More likely than not, these people will already be financially ruined by the time Jenkins gets around to filing her civil suit unless they're being represented pro bono for the criminal trials. But, of course, we both know this isn't exactly about money for Jenkins. I would imagine that for her it would be enough of a reward to know that these people are continuing to suffer for depriving her the pleasure of raising Lisa's daughter. What else has Jenkins and her associates to live for other than "the sensation of trampling on an enemy who is helpless" (quoting Orwell).

Then there is the statement in the news story that the prosecutor smiled/smirked when the judge just recently found Ken Miller in contempt for refusing to testify. Maybe I shouldn't read too much into that, but it sounds unpleasant.

I come from something of a legal family and that sounds about right to me. Most people have no idea just how bad things really are in our lower courts.

Thanks for the regular updates on this appalling case, Lydia.

A truly horrifying number of prosecutors in this country have been reduced by viciousness, exhaustion, distraction, or sheer ennui, to almost Soviet levels of heartless inflexibility. And not a few are crusading radicals in their own right, having gained office with an explicit or implicit design to make it an organ of cultural revolution.

I also wonder at the quality of these good folks' legal representation. To fight these kinds of prosecutors you must have tough and clever lawyers ready to do justice by you. And even with good representation, it remains true that the judge, prosecutor and defense counsel will almost always have more in common, socially, with each other, than they do with you.

Incidentally, all this is why the furor on the Right, these days, for law and order, often leaves me cold. Folks are just not aware of how gravely the integrity of our legal system has degraded, how callous it is toward the liberties and dignity of unpopular people.
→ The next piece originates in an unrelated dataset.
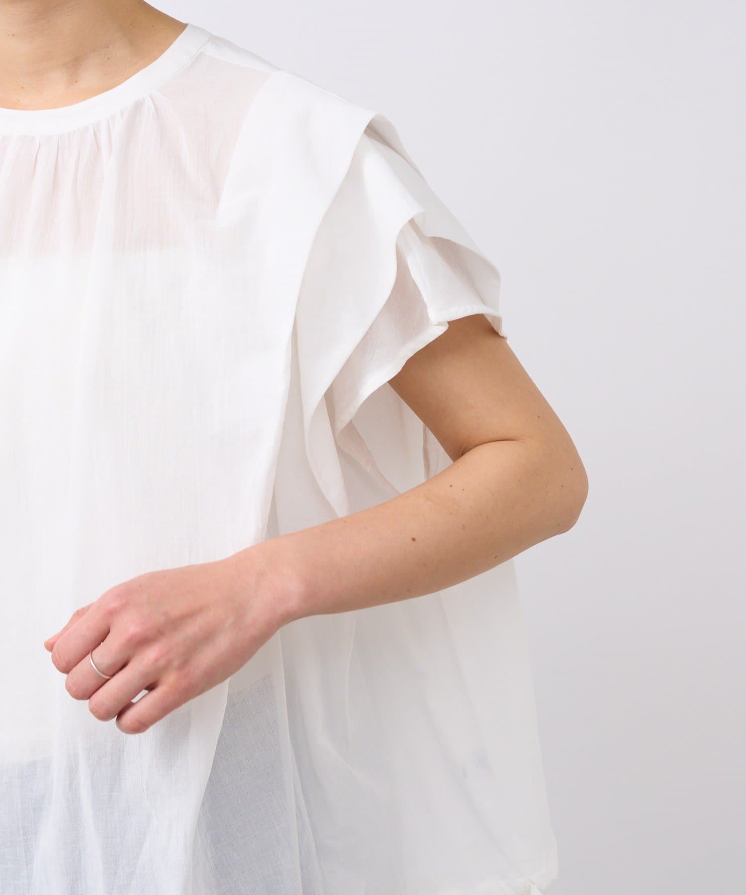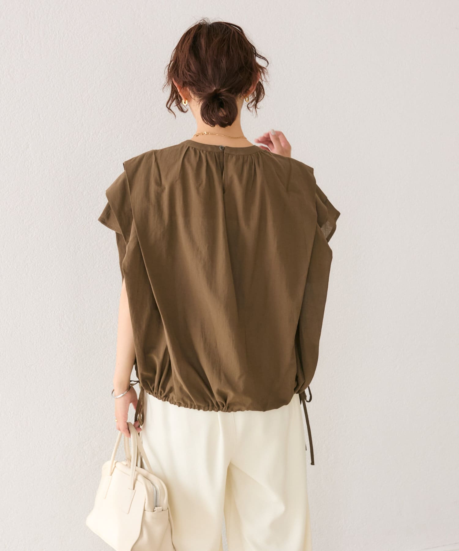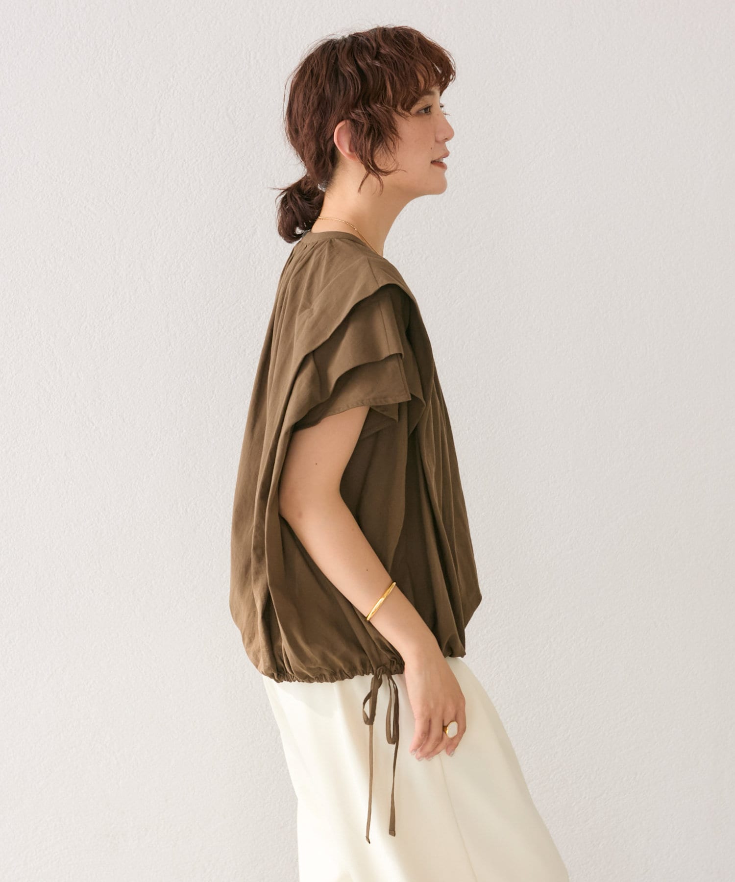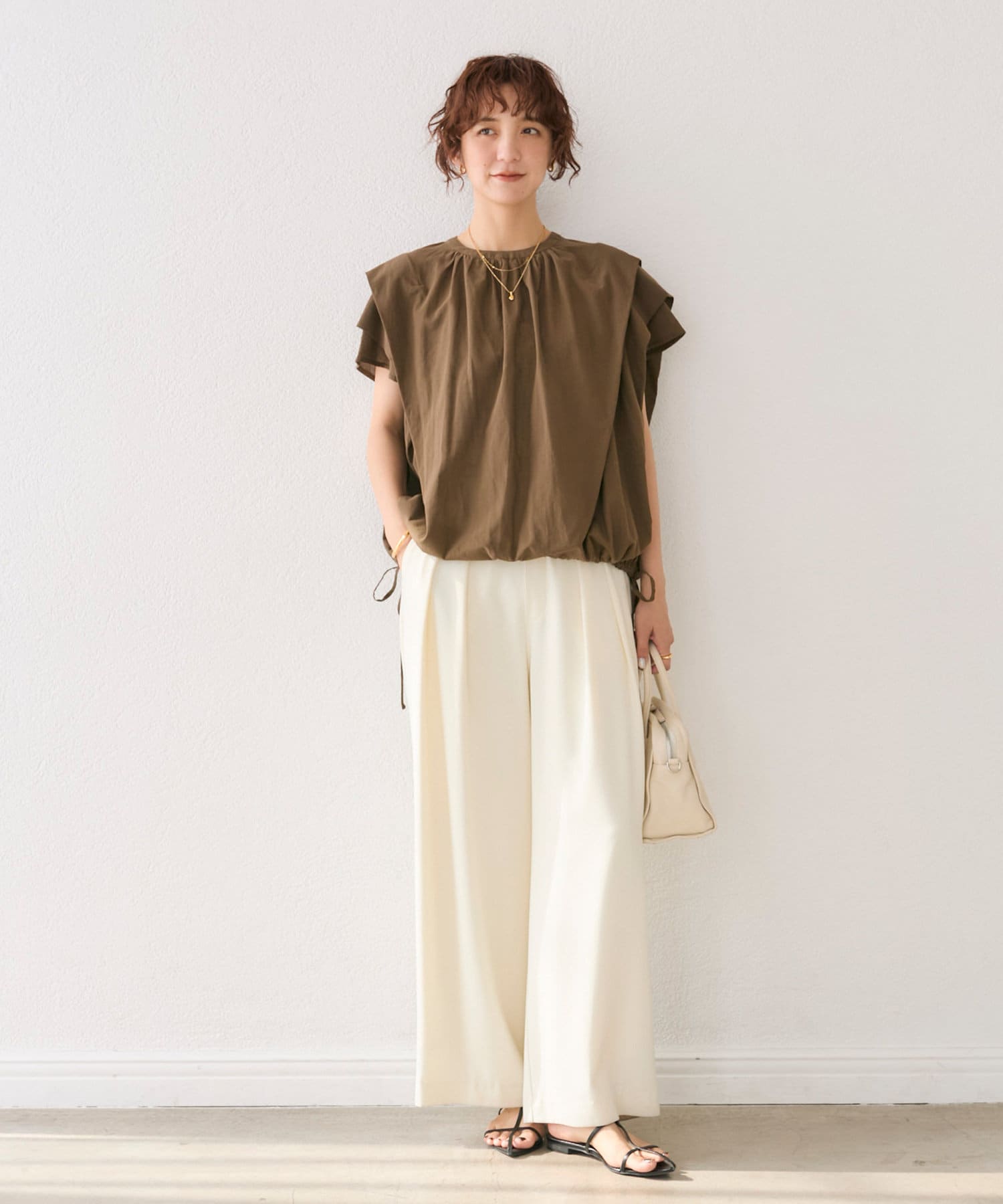 袖に入ったタックが華やかさもありつつ、二の腕をすっきり見せてくれます。

Paul, I honestly don't know how good, in the sense of clever and pragmatically useful, their lawyers are. Obviously Ken Miller's lawyer failed in one sense--he was convicted. I remember being a bit put off because I read that Ken Miller's lawyer tried to throw the blame on Lisa, implying that she somehow manipulated Ken, played on his sympathies, and induced him to help her.

Zodhiates' lawyer seems to be going for the claim that a) Zodhiates didn't actually break federal law and/or b) Zodhiates had no intent to break federal law.

I don't know if that's more likely to be successful, but it sounds promising as far as it goes if he can get a jury to believe it.